Update with current implementation
Updated document as per current implementation and fixed some of
basic config field names.
Signed-off-by: Vijay Khemka <vijaykhemka@fb.com>
Change-Id: Ibec30f2d14607065254a60990b7bb436f808c5b8
diff --git a/designs/bmc-health-monitor.md b/designs/bmc-health-monitor.md
index 6ff5294..f94b8c1 100644
--- a/designs/bmc-health-monitor.md
+++ b/designs/bmc-health-monitor.md
@@ -12,10 +12,10 @@
## Problem Description
The problem is to monitor the health of a system with a BMC so we have some
-means to make sure the BMC is working correctly. Set of monitored metrics may
-include CPU and memory utilization, uptime, free disk space, I2C bus stats,
-and so on. Actions can be taken based on monitoring data to correct the BMC’s
-state.
+means to make sure the BMC is working correctly. User can get required metrics
+data as per configurations instantly. Set of monitored metrics may include CPU
+and memory utilization, uptime, free disk space, I2C bus stats, and so on.
+Actions can be taken based on monitoring data to correct the BMC’s state.
For this purpose, there may exist a metric producer (the subject of discussion
of this document), and a metric consumer (a program that makes use of health
@@ -93,47 +93,47 @@
For example,
```json
- "cpu" : {
- "frequency" : 1,
- "window_size": 120,
- "threshold":
+ "CPU" : {
+ "Frequency" : 1,
+ "Window_size": 120,
+ "Threshold":
{
- "critical":
+ "Critical":
{
- "value": 90.0,
- "log": true,
- "target": "reboot.target"
+ "Value": 90.0,
+ "Log": true,
+ "Target": "reboot.target"
},
- "warning":
+ "Warning":
{
- "value": 80.0,
- "log": false,
- "target": "systemd unit file"
+ "Value": 80.0,
+ "Log": false,
+ "Target": "systemd unit file"
}
}
},
- "memory" : {
- "frequency" : 1,
- "window_size": 120,
- "threshold":
+ "Memory" : {
+ "Frequency" : 1,
+ "Window_size": 120,
+ "Threshold":
{
- "critical":
+ "Critical":
{
- "value": 90.0,
- "log": true,
- "target": "reboot.target"
+ "Value": 90.0,
+ "Log": true,
+ "Target": "reboot.target"
}
}
}
```
-frequency : It is time in second when these data are collected in regular
+Frequency : It is time in second when these data are collected in regular
interval.
-window_size: This is a value for number of samples taken to average out usage
+Window_size: This is a value for number of samples taken to average out usage
of system rather than taking a spike in usage data.

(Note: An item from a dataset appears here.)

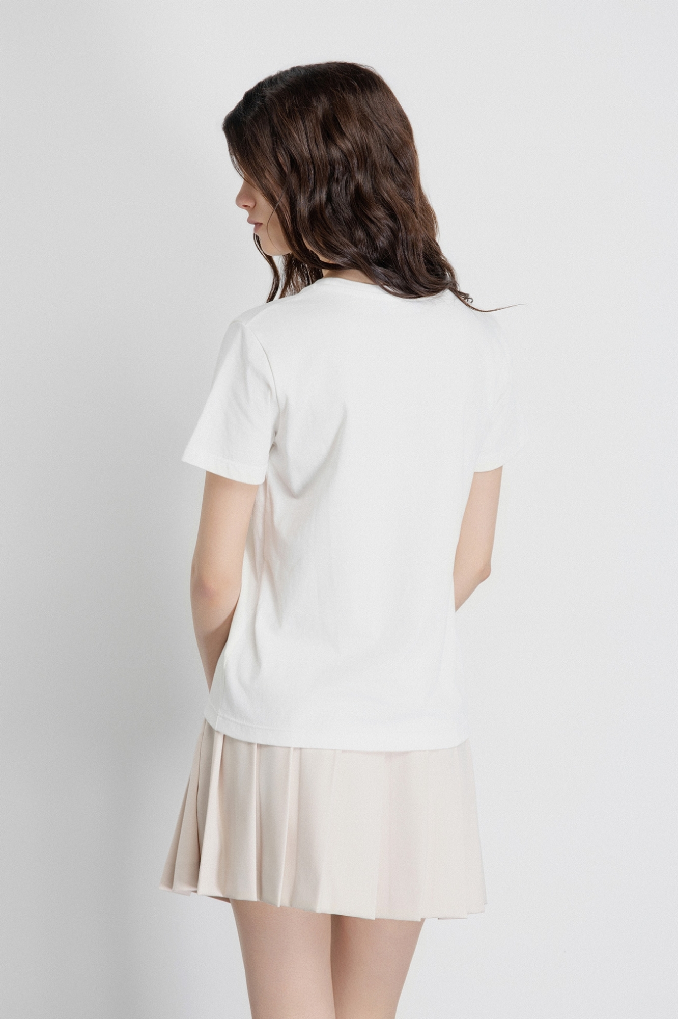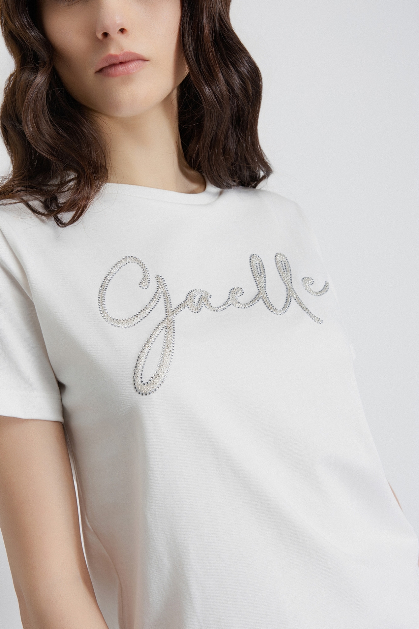 T-Shirt Paricollo Mezza Manica Con Logo Ricamato A Mano E Strass Termo

-log : A boolean value which allows to log an alert. This field is an
+Log : A boolean value which allows to log an alert. This field is an
optional with default value for this in critical is 'true' and in
warning it is 'false'.
-target : This is a systemd target unit file which will called once value
+Target : This is a systemd target unit file which will called once value
crosses its threshold and it is optional.
For 2) Metric collection, this will be done by running certain functions
@@ -150,8 +150,8 @@
```
/xyz/openbmc_project
└─/xyz/openbmc_project/sensors
- └─/xyz/openbmc_project/sensors/utilization/bmc_cpu
- └─/xyz/openbmc_project/sensors/utilization/bmc_memory
+ └─/xyz/openbmc_project/sensors/utilization/CPU
+ └─/xyz/openbmc_project/sensors/utilization/Memory
```
## Alternatives Considered
@@ -173,5 +173,9 @@
DBus traffic generated by the Daemon, and the readings on the Daemon’s DBus
objects.
+This can also be tested over IPMI/Redfish using sensor command as some of
+metrics data are presented as sensors like CPU and Memory are presented as
+utilization sensors.
+
To verify the performance aspect, we can stress-test the Daemon’s DBus
interfaces to make sure the interfaces do not cause a high overhead.